Three additional possibilities I can think of off-hand:
Using the physical setup in the photo of post #27, check the following:
  1. Meter is not Zeroed; does it read zero with the leads shorted?
  2. Stray pickup from the environment; nearby fluorescent or LED lamps often use switching regulators that can be very noisy. Even the old style 4-foot long fluorescent ceiling lamps with a ballast will radiate spikes from the several-hundred volt arc ignition voltage.
  3. There may be ripple or oscillation coming from the power supply you are using. Try putting a 0.1uF disc ceramic capacitor across its output terminals.
You can also put as much of the circuit as possible in an oven that has a window so you can still read the meter. A Microwave oven has better shielding, but a kitchen stove oven has a fair amount. (Don't turn on the oven though. :wink:)

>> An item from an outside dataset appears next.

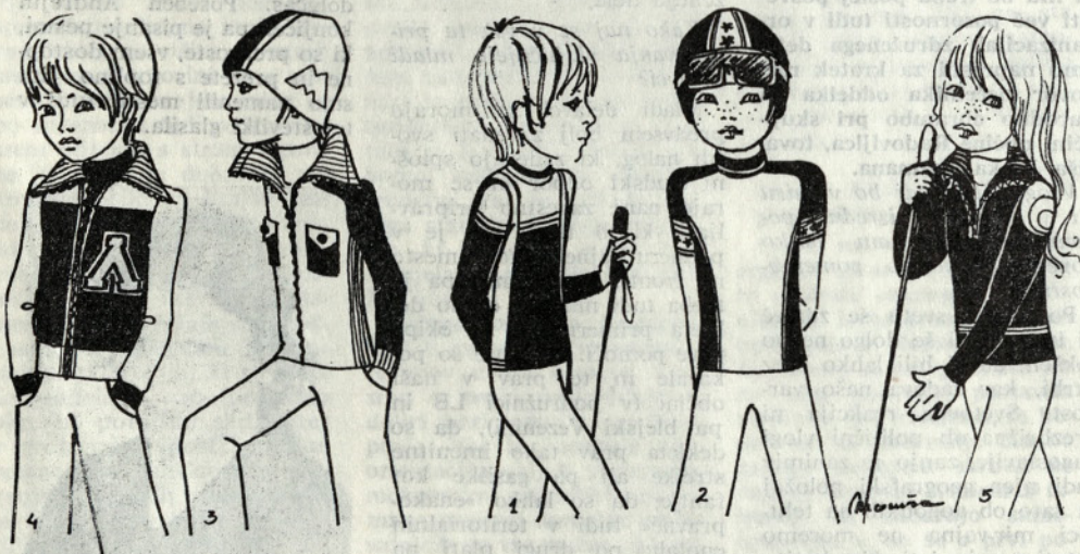
Pisani in ljubki modeli za mraz in veter

Veliko sreče in potrpljenja! Maruša Černilec

A photo showing complete equipment layout of the setup from post 27 may give us some more clues.

Cheers,
Tom
 
  • #33
piepermd said:
My ultimate use of the varicaps is for adapting a WWII aircraft radio to electronic tuning.
That is quite a challenge.
What is the radio make and model number ?
What is the frequency range of the LO ?
Are you replacing the LO only, or are you also tuning some other RF circuits ?
 
  • #34
Baluncore said:
That is quite a challenge.
What is the radio make and model number ?
What is the frequency range of the LO ?
Are you replacing the LO only, or are you also tuning some other RF circuits ?
It’s the SCR-522 from the P-51 Mustang. The LO range will be 106-126 MHz for civil aviation. I am tuning 3 RF circuits as well, up to the mixer stage. The desired frequency is selected on a microcontroller which then calculates the bias voltage needed to create the requisite capacitance for resonance at that frequency minus the IF. The old ratchet style tuning with crystal oscillators for four channels is missing from my radio, no parts are available, and no other such radios are available in the world. Without the ratchet system it would not be possible to have four preset channels available for the pilot to select, but it can be done with electronic tuning.
 
  • #35
piepermd said:
It’s the SCR-522 from the P-51 Mustang. The LO range will be 106-126 MHz for civil aviation. I am tuning 3 RF circuits as well, up to the mixer stage.
It looks to me like it has RF tuning only on RX, but has two separate switched four channel crystal oscillators, one for TX, the other for RX. It should be possible to replace the crystal oscillator(s) with digital synthesizer board(s). The harmonic multipliers that generate the TX carrier, and the LO for RX, can still be used.

There should be no problem using varactors to tune the small RF signals in the RX path, but you can expect problems generating the higher amplitude RF needed to replace the crystal oscillators. For those, you should look at synthesizer ICs that include a current controlled CMOS oscillator inside a PLL.